MSHT: Multi-stage Hybrid Transformer for the ROSE Image Analysis of Pancreatic Cancer
Tianyi Zhang, Yunlu Feng, Yu Zhao, Guangda Fan, Aiming Yang, Shangqin, Lyu, Peng Zhang, Fan Song, Chenbin Ma, Yangyang Sun, Youdan Feng, and, Guanglei Zhang

TL;DR
This paper introduces MSHT, a multi-stage hybrid Transformer model that combines CNN and Transformer features to improve the accuracy and interpretability of pancreatic cancer diagnosis from ROSE images, enabling automated analysis.
Contribution
The paper presents a novel multi-stage hybrid Transformer architecture that integrates CNN spatial features with Transformer global modeling for pancreatic cancer image analysis.
Findings
Achieved 95.68% classification accuracy on ROSE images.
Outperformed state-of-the-art models in accuracy and interpretability.

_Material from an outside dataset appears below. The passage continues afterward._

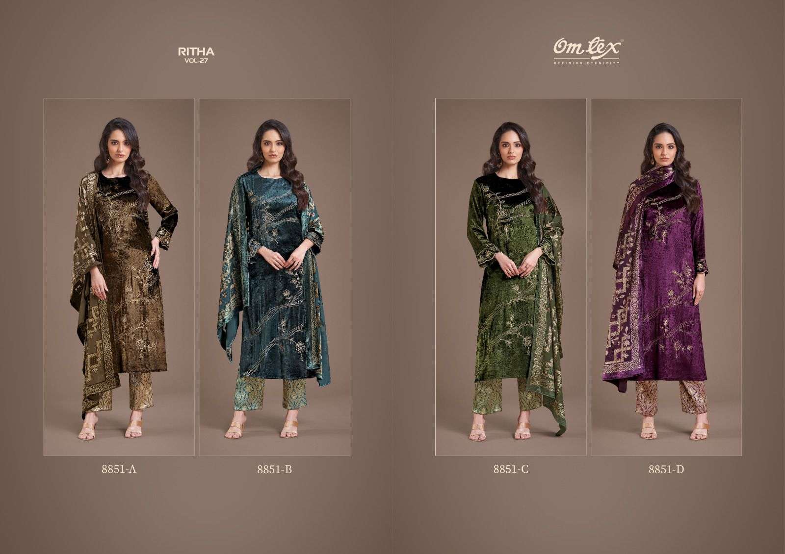 Title | OM TEX RITHA VOL 27 HIGH BRAND RICH PARTY WEA VELVET WITH EMBROIDERY SUIT ETHNIC BOUTIQUE |

Demonstrated potential for automated clinical decision support.
Abstract
Pancreatic cancer is one of the most malignant cancers in the world, which deteriorates rapidly with very high mortality. The rapid on-site evaluation (ROSE) technique innovates the workflow by immediately analyzing the fast stained cytopathological images with on-site pathologists, which enables faster diagnosis in this time-pressured process. However, the wider expansion of ROSE diagnosis has been hindered by the lack of experienced pathologists. To overcome this problem, we propose a hybrid high-performance deep learning model to enable the automated workflow, thus freeing the occupation of the valuable time of pathologists. By firstly introducing the Transformer block into this field with our particular multi-stage hybrid design, the spatial features generated by the convolutional neural network (CNN) significantly enhance the Transformer global modeling. Turning multi-stage spatial…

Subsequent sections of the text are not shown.